Hard and transparent glass is used for various purposes such as tableware, furniture, and glass windows, but it is a material that is prone to cracks or scratches in its atomic structure. However, a Chinese research team has developed a new carbon-based material that has a hardness enough to damage diamonds while adopting a glass atomic structure.
Diamond, a carbon allotrope, is a hard substance with a crystal structure in which each carbon atom is covalently bonded to four adjacent atoms. Because of this property, diamonds are not only pampered as jewelry, but are also used as abrasives and cutters. In contrast to diamonds and the like, materials in which atoms and molecules are not arranged in a regular arrangement are said to be amorphous.

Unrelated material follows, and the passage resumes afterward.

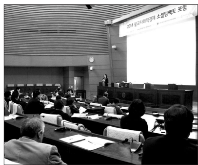
사단법인 날마다좋은날 불교사회적경제지원본부는 10월 28일 한국불교역사문화기념관 국제회의장에서 ‘2014 불교사회적경제 소셜 임팩트 포럼-불교사회적경제, 기업 사회공헌전략과 통하다’를 개최했다.

이어 도 대표는 대기업과 사회적기업이 파트너십을 형성해 성공한 해외 사례

The research team at Yanshan University in China, which has been developing hard materials for a long time, conducted an experiment to pulverize Buckminsterfullerene, a spherical molecule made of 60 carbon atoms, like a soccer ball, with the goal of developing a transparent and hard material. In the experiment, the research team heated Buckminster Fullerene at an extreme pressure of 25 GPa at a high temperature of 1,000 to 1,200 degrees.
In addition, the Buckminster Fullerene was not brought to a high temperature and high pressure state at once, but was slowly cooled after raising the heat and pressure over 12 hours or more. There has been a research team that crushed Buckminster fullerene before, but it is said that no research team has taken such extreme conditions for fear of diamond formation under extreme high temperature and high pressure conditions.
As a result, the research team succeeded in making a transparent material called AM-III. It has been confirmed that small crystal structures are mixed with glass-like disordered rows of atoms. As a result of investigating the characteristics of AM-III, the research team said that AM-III recorded 113 GPa in the Vickers hardness test, which examines the hardness by pressing the hardness of diamond. Considering that natural diamond score is 60-100 GPa in Vickers hardness test, AM-III is harder than natural diamond.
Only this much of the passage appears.